Energies 2018, 11(6), 1387; https://doi.org/10.3390/en11061387
Submission received: 3 May 2018 / Revised: 24 May 2018 / Accepted: 28 May 2018 / Published: 29 May 2018
(This article belongs to the Special Issue Electric Power Systems Research 2018)

Abstract

:
In light of the dissemination of renewable energy connected to the power grid, it has become necessary to consider the uncertainty in the generation of renewable energy as a unit commitment (UC) problem. A methodology for solving the UC problem is presented by considering various uncertainties, which are assumed to have a normal distribution, by using a Monte Carlo simulation. Based on the constructed scenarios for load, wind, solar, and generator outages, a combination of scenarios is found that meets the reserve requirement to secure the power balance of the power grid.
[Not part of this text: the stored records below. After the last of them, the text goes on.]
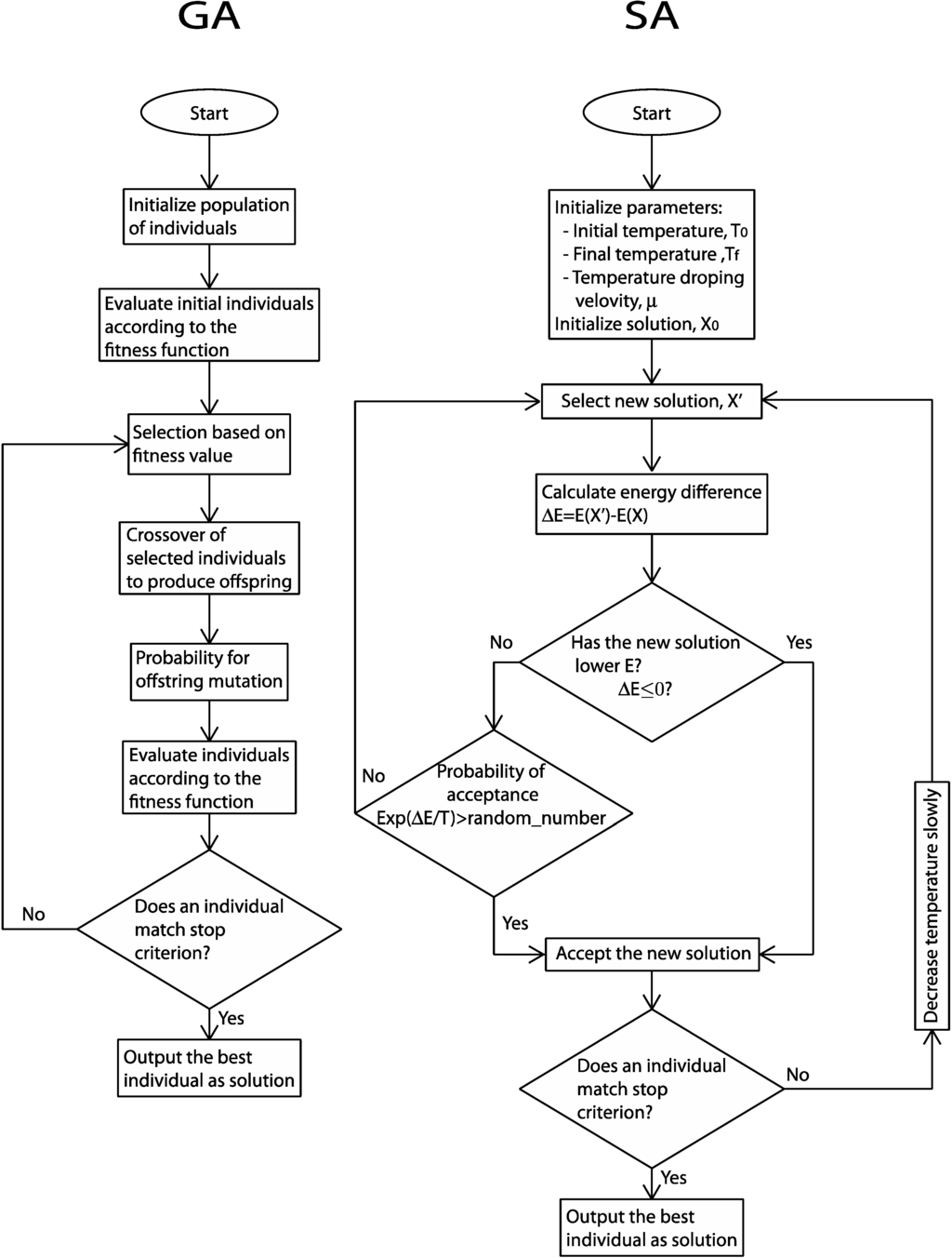 Workflow schemes for general genetic algorithms (GA) and simulated annealing (SA) implementation.
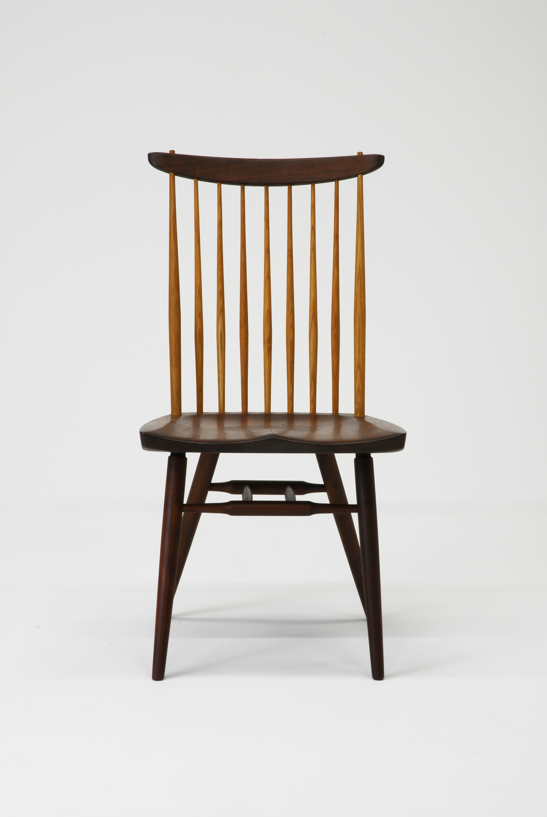 ミラーチェア(124、128)とほぼ同じ材料と構造である。4本脚でも貫が施されているのは、ミラーチェアの安定性に対する反省からであると考えられる。ジョージ・ナカシマの一連の作品と異なる点は、脚の付け根である座面に差し込む部分と貫の先端部分の加工が、2段彫りになっている点である。近代椅子のルーツともいえるイギリスのウインザーチェアからの影響を強く感じられるデザイン。独自の工房でクラフトマンシップを前面に出した、ジョージ・ナカシマらしい椅子。
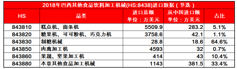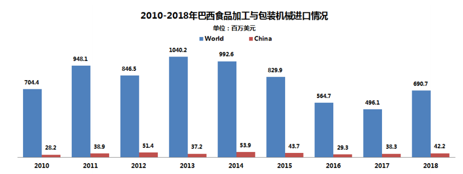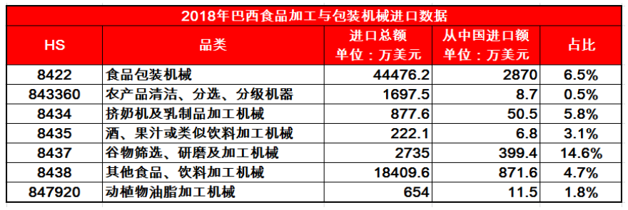 巴西是南美洲重要的食品加工市場(chǎng),每年都會(huì)自國(guó)外進(jìn)口大量的食品加工與包裝設(shè)備,2018年的進(jìn)口規(guī)模達(dá)6.91億美元。
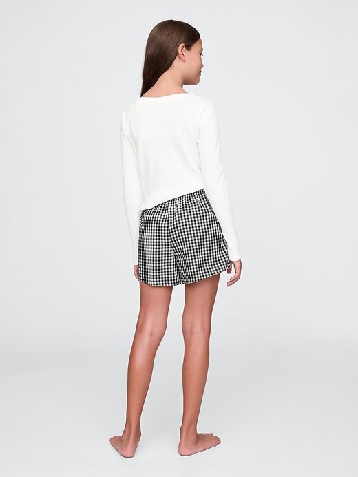- Este par de shorts de pijama é feito com 100% poliéster reciclado. Em comparação com materiais virgens, o uso de materiais reciclados ajuda a reduzir o uso de recursos e o desperdício.
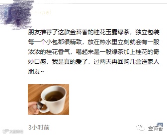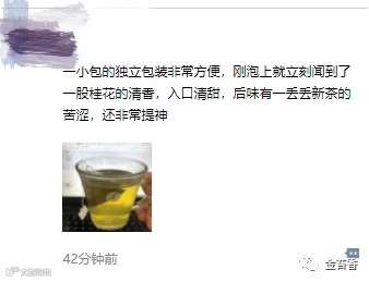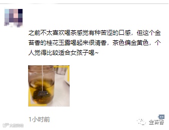 清新的茶香正好配搭浓郁的桂花香,谁也不抢味。两种味道像扭在一起又像独立。
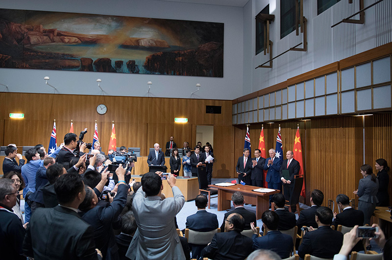 图为3月24日,国务院总理李克强与澳大利亚总理特恩布尔在堪培拉议会大厦,共同见证了中澳两国八份合作文件的签署,内容涉及中澳自贸协定、经贸投资、检验检疫、气候变化、农业、文化、教育等诸多领域。
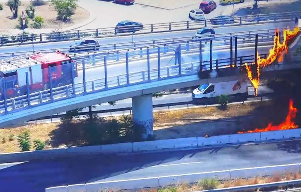 Η φωτιά έχει πάρει τέτοιες διαστάσεις, με αποτέλεσμα να καίγονται μέχρι και τα γυάλινα προστατευτικά στον δρόμο, τα οποία πλέον έχουν λιώσει και «στάζουν» προς τα κάτω.
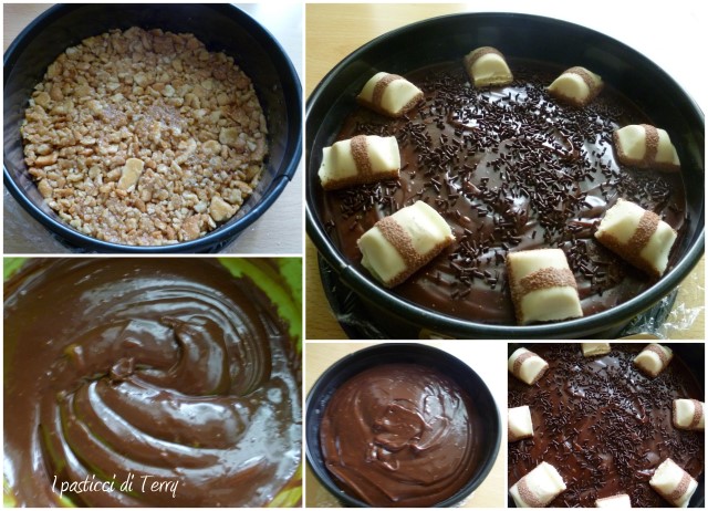 Semplicissima, veloce e molto golosa. Senza cottura e con pochi ingredienti. Credimi se devi fare un dolcetto al volo, è molto golosa e facissima da fare. Devi solo lasciarle il tempo di raffreddare bene in frigo. Prima la base e poi la crema al cioccolato. Io l’ho messa in freezer e poi passata in frigo un oretta prima di mangiare. L’ho decorata con un’altra “porcata” quelle barrette di cioccolato, fatte a pezzetti e delle codette, sempre di cioccolato. Ti consiglio di prendere proprio le croste dei cannoli, si vendono anche al supermercato. Oppure puoi usare anche dei biscotti comuni ma secondo me con i cannoli, acquista quel sapore particolare che fa la differenza. Ecco allora la mia Cheese cake al cioccolato.

In those scenarios, the uncertainty integration method (UIM) identifies the best combination by minimizing the additional reserve requirements caused by the uncertainty of power sources. An integration process for uncertainties is formulated for stochastic unit commitment (SUC) problems and optimized by the improved genetic algorithm (IGA). The IGA is composed of five procedures and finds the optimal combination of unit status at the scheduled time, based on the determined source data. According to the number of unit systems, the IGA demonstrates better performance than the other optimization methods by applying reserve repairing and an approximation process. To account for the result of the proposed method, various UC strategies are tested with a modified 24-h UC test system and compared.

1. Introduction

Global environmental problems are becoming a major issue in the power industry. Recently, renewable energies such as wind and solar have become preferable, because they are economical and relatively less adverse to the environment [1]. However, these renewable sources possess intermittent characteristics, which may lead to significant unexpected loads and operational problems in power grid. Power system operations are designed to address a limited amount of uncertainty in the system, which does not consider changes due to the use of renewable energy at an unprecedented scale. When renewable energy is associated with power system operation, their characteristic problems appear larger [2]. To solve the intermittency problem, an accurate prediction of renewable sources that considers volatility is needed [3]. Therefore, it is necessary to develop a framework not only to consider the uncertainties of renewable energies, but also to improve the potential risks of the power grid.
The unit commitment (UC) problem is an optimization procedure that deducts the best combinations of units in on and off status, which is important for power system operational planning. Generally, the UC problem constitutes a process of calculating system operating cost by optimizing the schedule of the generating units such that the load of time-varying is secured by taking account of the constraints of system. In the existing power system, it has become difficult to determine the UC of various renewable sources that have been recently connected, and their intermittent nature makes it difficult to optimize the operation of the system. Thus, it is necessary to find a UC solution that considers the uncertainties of renewable energy and apply it to a framework to mitigate a risk caused by uncertainties.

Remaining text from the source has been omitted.